Fugu's agent pool is explicitly swappable. If a provider restricts access, Fugu routes around the disruption. As new models arrive — including Sakana's own — they fold into the pool and pass the gains to users automatically.

Live WorkshopAug 1–2, 2026 · 2 days

Claude for Work

Use Claude as a thought partner for writing, research & decisions — no coding required. 2 live sessions with Yash Thakker.

Register now

Claude for Work is a 2-day live workshop on using Claude to supercharge your daily work — writing, research, analysis, and decision-making — without any coding required. Learn how to set up Claude Projects with custom instructions, run deep-research sprints, co-write documents that sound like you, and build repeatable prompt systems for your team. August 1–2, 2026. Hosted by Yash Thakker, founder of AISOLO Technologies, instructor to 350,000+ students.

Includes 1-year access to all session recordings, a personal prompt library, Discord community access, and a certificate of completion.

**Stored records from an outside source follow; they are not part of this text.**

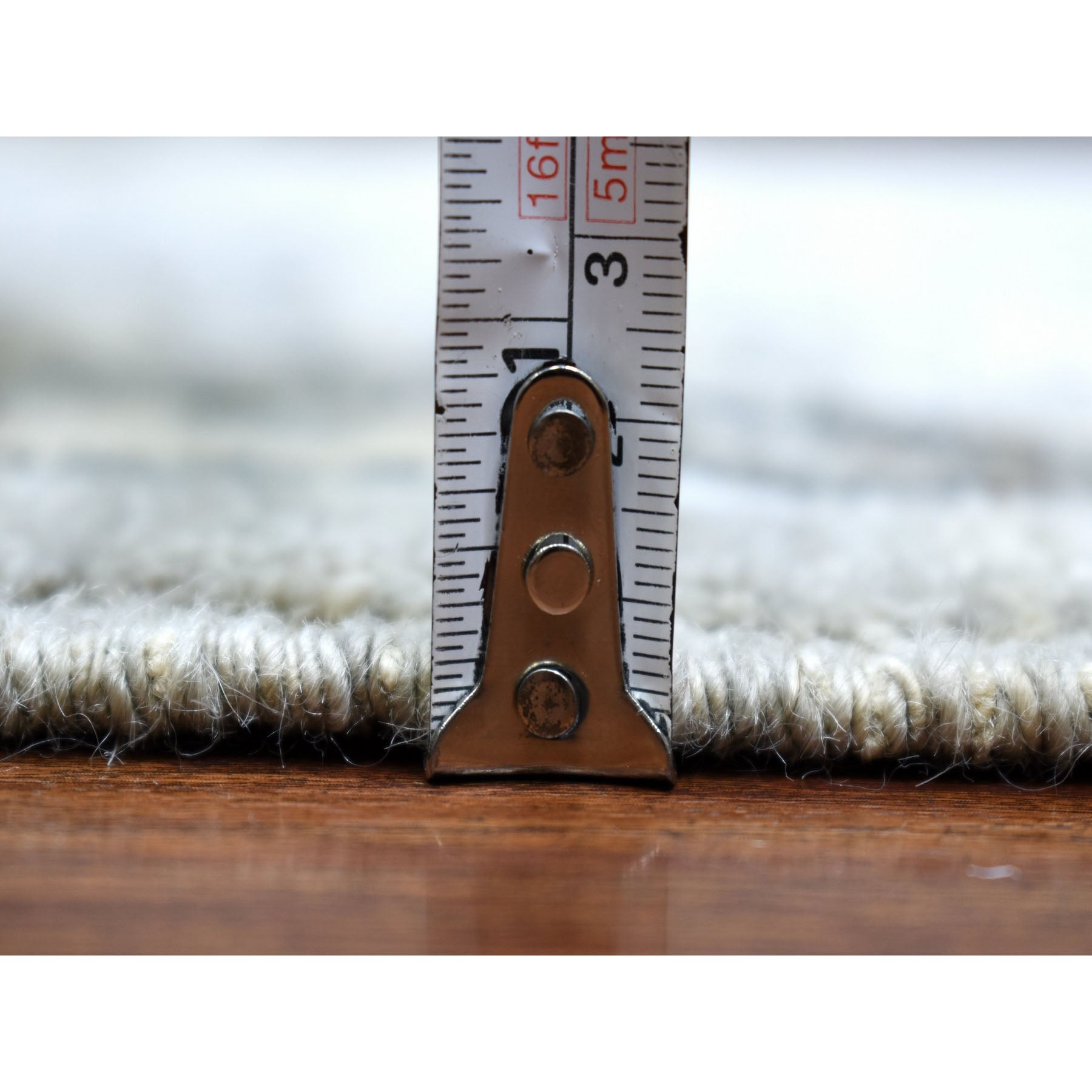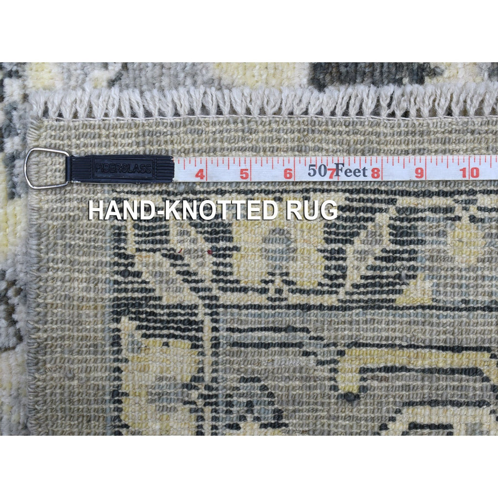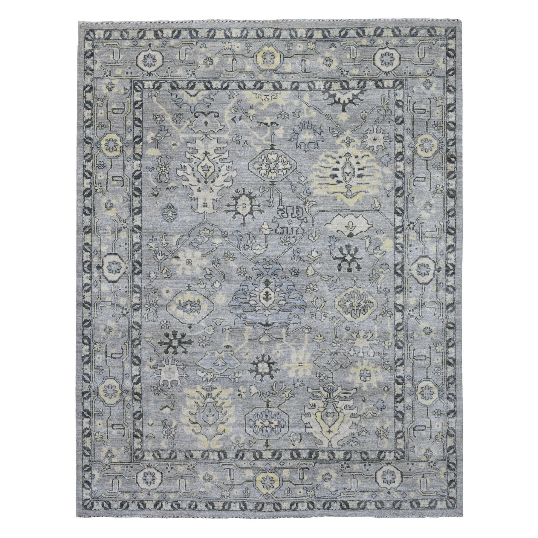 8'x9'9" Light Gray Angora Oushak With Tribal Design Extra Soft Wool Hand Knotted Oriental Rug FWR410850
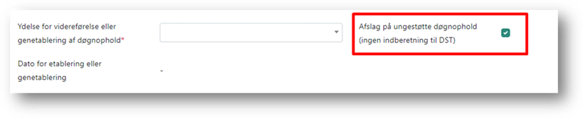Du kan også anvende aktiviteten ’Afgørelse’ – ’Ungestøtte døgnophold, § 114, 116 eller 120’, når der gives afslag på ungestøtte døgnophold. I dette tilfælde skal du markere specialfeltet ’Afslag på ungestøtte døgnophold (ingen indberetning til DST)’.
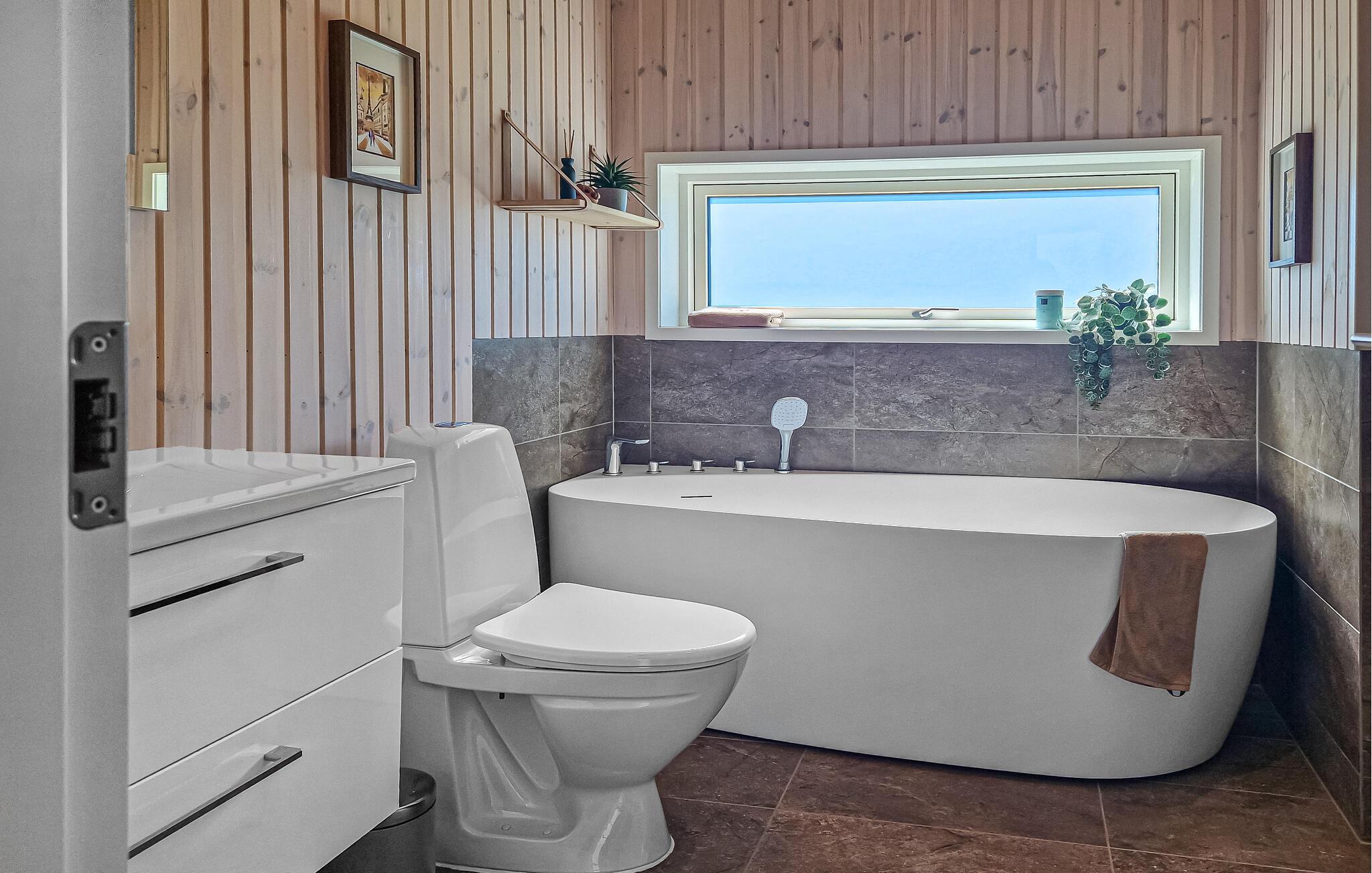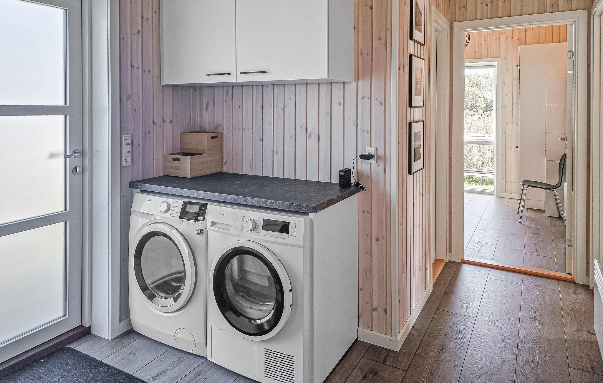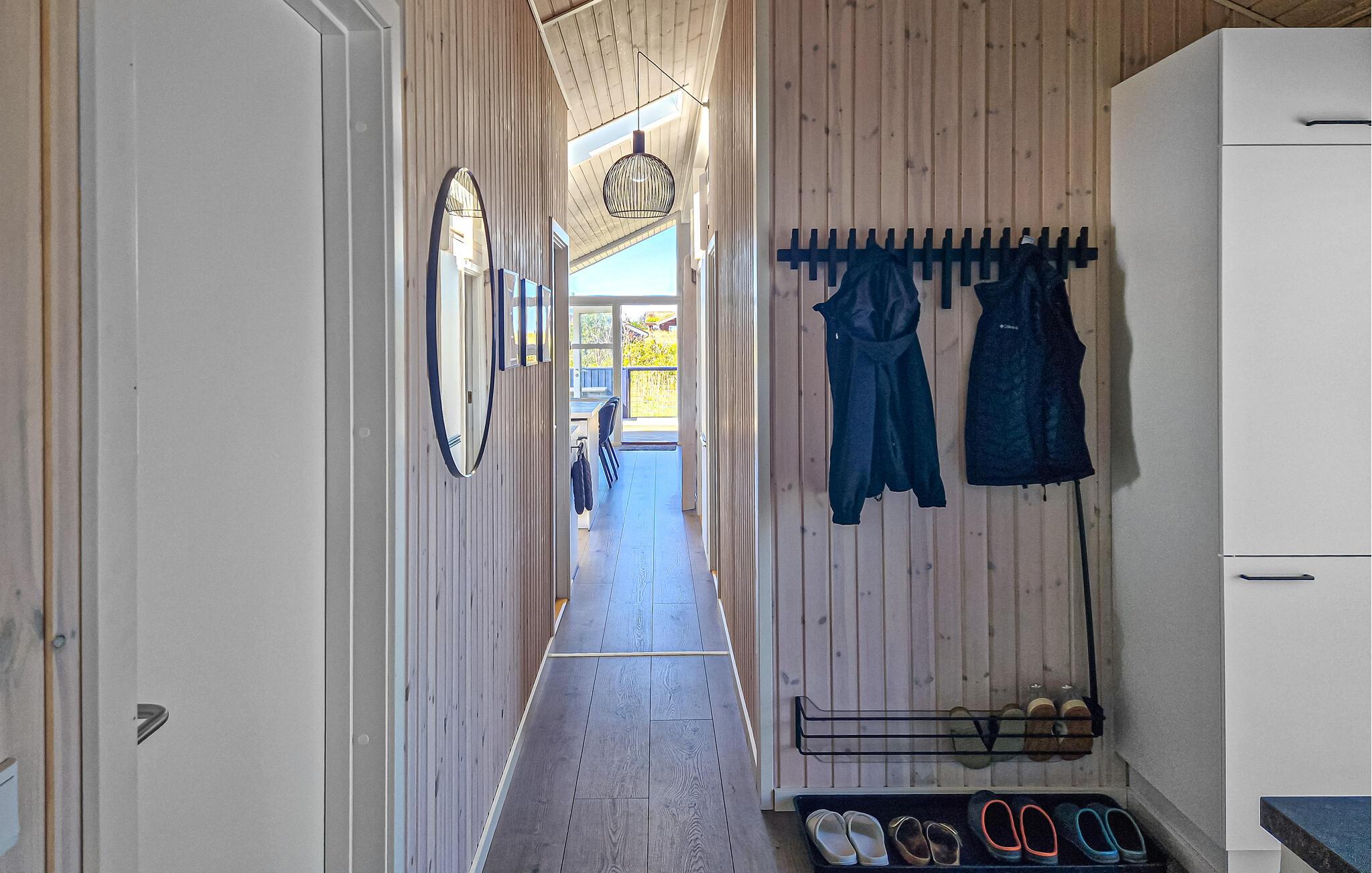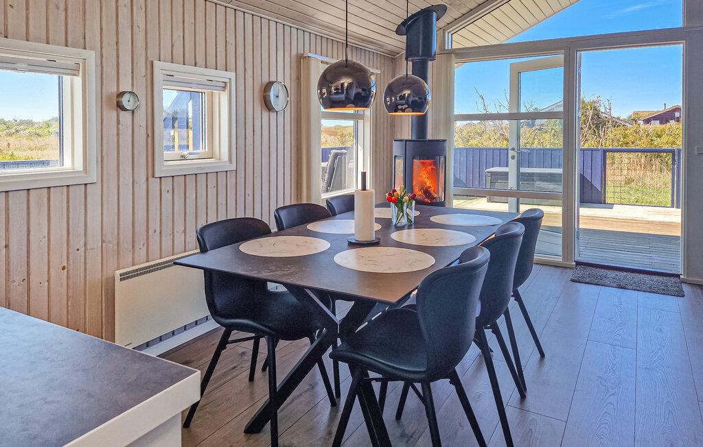 Bliv betaget af de lyse møbler og mange faciliteter i jeres feriehus. Træd ind i stuen med store vinduer og masser af naturligt lys. Gør det behageligt i sofaerne og Sæt jer til rette med en god film på det store tv. Brug spiseområdet med pejs til fælles måltider i stemningsfulde omgivelser. Lav mad i det moderne køkken, der er udstyret med rigelig bordplads og nyd det åbne design, der giver plads til hele familien.
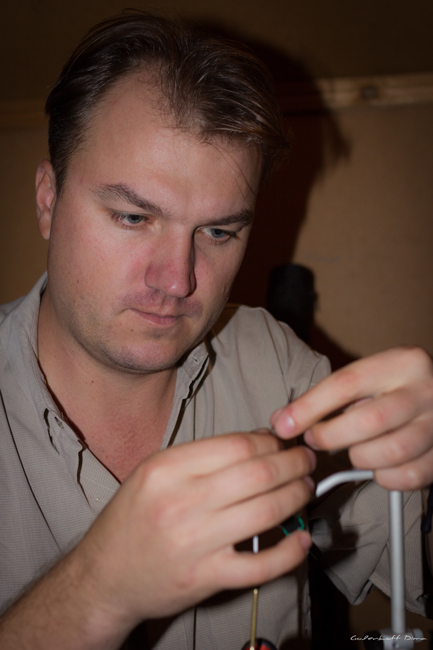Ми пересунули тумбочку – єдине, що було в хаті крім ліжок, на середину і приладнали станки. Я хотів заповнити свій новий флайбокс з трикутними вирізами від Strike робочими мухами, щоб не паритися з чотирма коробками, як це бувало на попередніх рибалках. Зрештою, це мені вдалося, після чого флайбокс став дуже симпатичним.

No coding or technical background required. Designed for managers, marketers, founders, and writers.


What Fugu Actually Is

Fugu is itself a language model. Not a wrapper or a router built with if/else logic — a trained orchestrator that has learned:

  • When to delegate vs. solve directly
  • How to break complex tasks into agent subtasks
  • How agents should communicate with each other
  • How to combine their outputs into a single, reliable answer

This is built on two ICLR 2026 papers from Sakana AI: TRINITY (an evolved LLM coordinator) and Conductor (learning to orchestrate agents in natural language). The academic grounding matters — this isn't prompt engineering dressed up as a product.

From the outside, you call one model. On the inside, a coordinated system of experts does the work.


Fugu vs. Fugu Ultra

Both models share the same OpenAI-compatible API.

FuguFugu Ultra
Optimized forLow latency, everyday tasksMaximum quality, complex tasks
Best use casesCode review, chatbots, Codex-style toolsResearch, security assessment, patent analysis
Compliance controlsOpt specific agents out of poolSame
LatencyLowerHigher (deeper coordination)

The Benchmark Numbers

Fugu vs Frontier Models — Benchmark Comparison Grid

Fugu Ultra goes head-to-head with today's frontier models across coding, reasoning, scientific, and agentic benchmarks. The comparison is against Opus 4.8 (Anthropic's best publicly accessible model), Gemini 3.1 Pro, and GPT-5.5 — not Fable 5 or Mythos, which are under export controls and not in Fugu's pool.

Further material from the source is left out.